Collection entries:
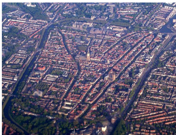
Luchtfoto van Delft vanuit het noorden

Delft heeft een historische binnenstad. Parallel, en grofweg in noord-zuidrichting, lopen de grachten Oude Delft en Nieuwe Delft. Die laatste is beter bekend als
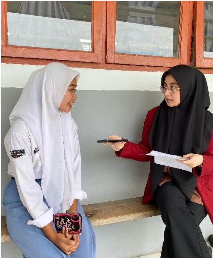
Gambar 11 Dokumentasi wawancara dengan informan 9
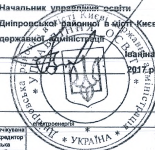
Розрахунок кошторису на оплату енергоносіїв по галузі освіта та КТКВ 070401 на 2017 рік (загальний фонд)
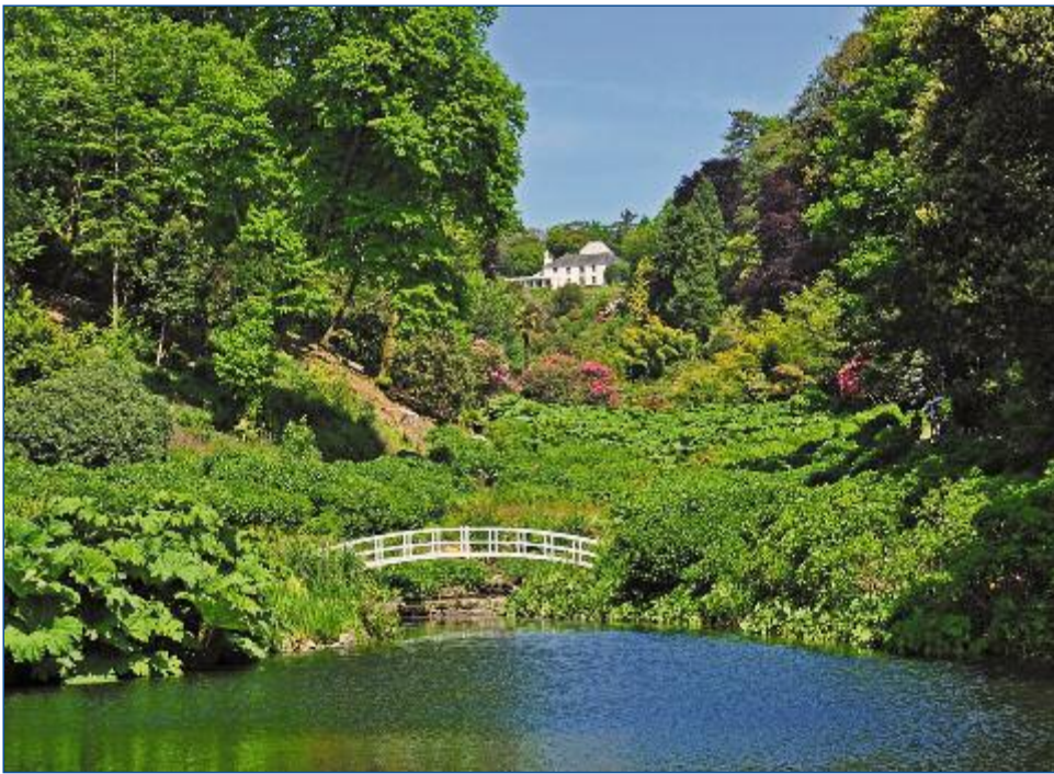
Trebah Garden gehört zu den 80 herrlichsten Gärten der Welt

D iese unvergessliche Rundreise bringt Ihnen die Höhepunkte Südens Englands näher. Ausgehend von London, der pulsierenden und an Sehenswürdigkeiten so reichen Metropole, geht es durch romantische Grafschaften und reizende Landstriche, Sie genießen das wunderbare Flair von Badeorten wie Bath und wandeln auf den Pfaden der traditionsreichen englischen Geschichte. Ein einmaliges Landschaftspanorama bietet Cornwall. Die langen Sandstrände, steile Klippen, Fischerdörfer, Heideflächen sowie ehrwürdige Burgen und Schlösser aus der Zeit von König Arthus - Süds England ist eine wahre Schönheit. Und Sie brauchen sie nur noch zu entdecken.
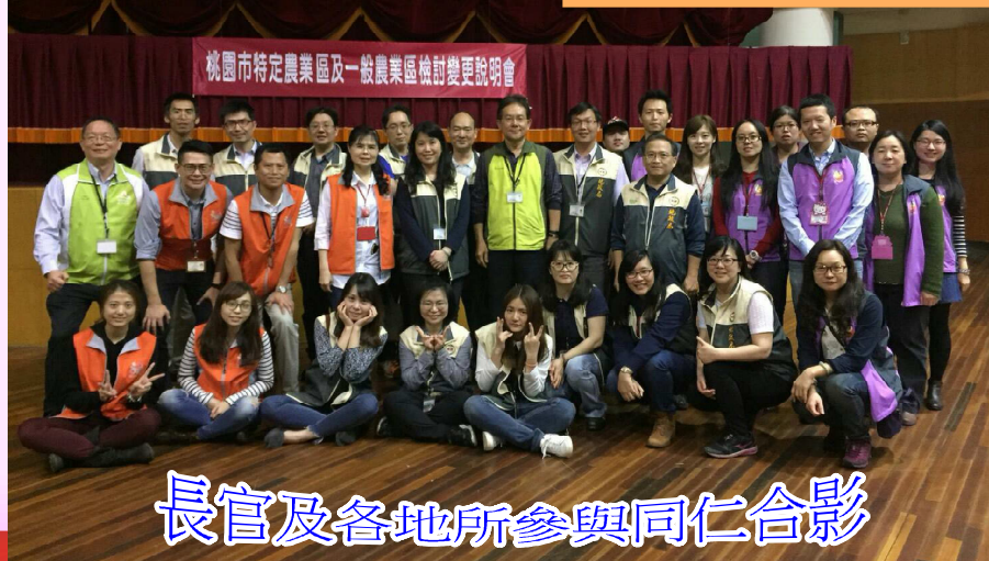
長官及各地所參與同仁合影
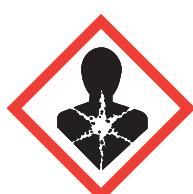
Je nuis gravement à la santé
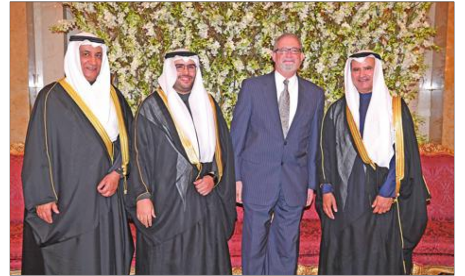
السفير الأمريكي مهنئا
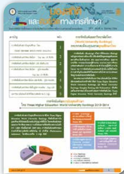
ปีที่ ๑ ฉบับที่ ๖ เดือนธันวาคม ๒๕๕๖ การจัดอันดับมหาวิทยาลัยโลก (World University Rankings) กระจกสะท้อนคุณภาพอุดมศึกษาไทย นำเสนอการจัดอันดับสถาบันอุดมศึกษานานาชาติ โดย Times Higher Education World University Rankings 2013 ในระดับโลก และภูมิภาคเอเชีย
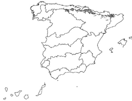
Tipo 26. Ríos de montaña húmeda calcárea
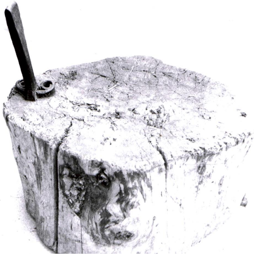
Un simple tronc pour s'asseoir et enchapler.
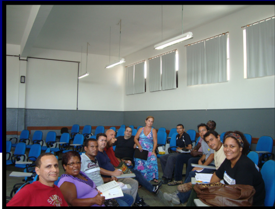
Reunião de Diretoria na ETE-HL, Niterói

fevereiro, mas até aquele dia não tido sido solucionado (!) e todas as crianças da escola ficaram sem aulas nesse período.

WHAT YOU ARE ASKED TO DO: Although the records contain pictures, print only the rest, exactly as written.

ANSWER SPACE:
Luchtfoto van Delft vanuit het noorden

Delft heeft een historische binnenstad. Parallel, en grofweg in noord-zuidrichting, lopen de grachten Oude Delft en Nieuwe Delft. Die laatste is beter bekend als
Gambar 11 Dokumentasi wawancara dengan informan 9
Розрахунок кошторису на оплату енергоносіїв по галузі освіта та КТКВ 070401 на 2017 рік (загальний фонд)
Trebah Garden gehört zu den 80 herrlichsten Gärten der Welt

D iese unvergessliche Rundreise bringt Ihnen die Höhepunkte Südens Englands näher. Ausgehend von London, der pulsierenden und an Sehenswürdigkeiten so reichen Metropole, geht es durch romantische Grafschaften und reizende Landstriche, Sie genießen das wunderbare Flair von Badeorten wie Bath und wandeln auf den Pfaden der traditionsreichen englischen Geschichte. Ein einmaliges Landschaftspanorama bietet Cornwall. Die langen Sandstrände, steile Klippen, Fischerdörfer, Heideflächen sowie ehrwürdige Burgen und Schlösser aus der Zeit von König Arthus - Süds England ist eine wahre Schönheit. Und Sie brauchen sie nur noch zu entdecken.
長官及各地所參與同仁合影
Je nuis gravement à la santé
السفير الأمريكي مهنئا
ปีที่ ๑ ฉบับที่ ๖ เดือนธันวาคม ๒๕๕๖ การจัดอันดับมหาวิทยาลัยโลก (World University Rankings) กระจกสะท้อนคุณภาพอุดมศึกษาไทย นำเสนอการจัดอันดับสถาบันอุดมศึกษานานาชาติ โดย Times Higher Education World University Rankings 2013 ในระดับโลก และภูมิภาคเอเชีย
Tipo 26. Ríos de montaña húmeda calcárea
Un simple tronc pour s'asseoir et enchapler.
Reunião de Diretoria na ETE-HL, Niterói

fevereiro, mas até aquele dia não tido sido solucionado (!) e todas as crianças da escola ficaram sem aulas nesse período.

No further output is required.